DETAILED DESCRIPTION OF EMBODIMENTS

[0044] FIG. 5 shows schematically a sawing device 1 having at least one cutting tooth 2 according to an aspect of the present disclosure. The sawing device is typically configured for wood sawing and for use in a handheld motor driven sawing apparatus (not shown). In FIG. 5, the sawing device is exemplified as a cutting link for a sawing chain 3 of a chainsaw. However, also other sawing devices are feasible, for example reciprocating sawblades or circular sawblades. Other sawing apparatuses are also feasible, for example clearing saws. The sawing device may comprise a wear resistant coating on at least a portion of its outer surface, for example chromium.

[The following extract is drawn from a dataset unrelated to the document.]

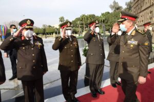 الرئيس عبد الفتاح السيسى رئيس الجمهورية القائد الأعلى للقوات المسلحة يُنيب الفريق أول / محمد زكى لوضع إكليل الزهور على النصب التذكارى لشهداء القوات المسلحة

[0045] FIG. 6 shows schematically the steps of a method for manufacturing the sawing device according to the present disclosure.

[0046] In a first step 1000 a sawing device provided. The sawing device is manufactured by conventional metal and machining operations from a steel according to the present disclosure as described above.

[0047] In a second step 2000 the sawing device is hardened by heating the sawing device to the austenitization temperature followed by rapid cooling to an isothermal temperature. The isothermal temperature may be at or above the Ms-temperature for the steel composition of the sawing device. The sawing device is thereby held in the temperature range at or above Ms and kept for a predetermined time, such as about 1 hour, after which it is cooled to room temperature to obtain a microstructure of bainite or bainite/martensite with dispersed Fe.sub.3C-particles. The heat treatment parameters, i.e. austenitization temperature, cooling speed and the isothermal temperature vary in dependency of the composition of the steel of the sawing device and may be determined by the skilled person by look-up tables, practical trials or by commercially available modeling computer programs. Cooling may for example be performed in air, oil, salt or water. The microstructure of the samples may be evaluated by microscopy.

[0048] In a third step 3000 a wear resistant coating is applied onto at least a portion of the surface of the sawing device.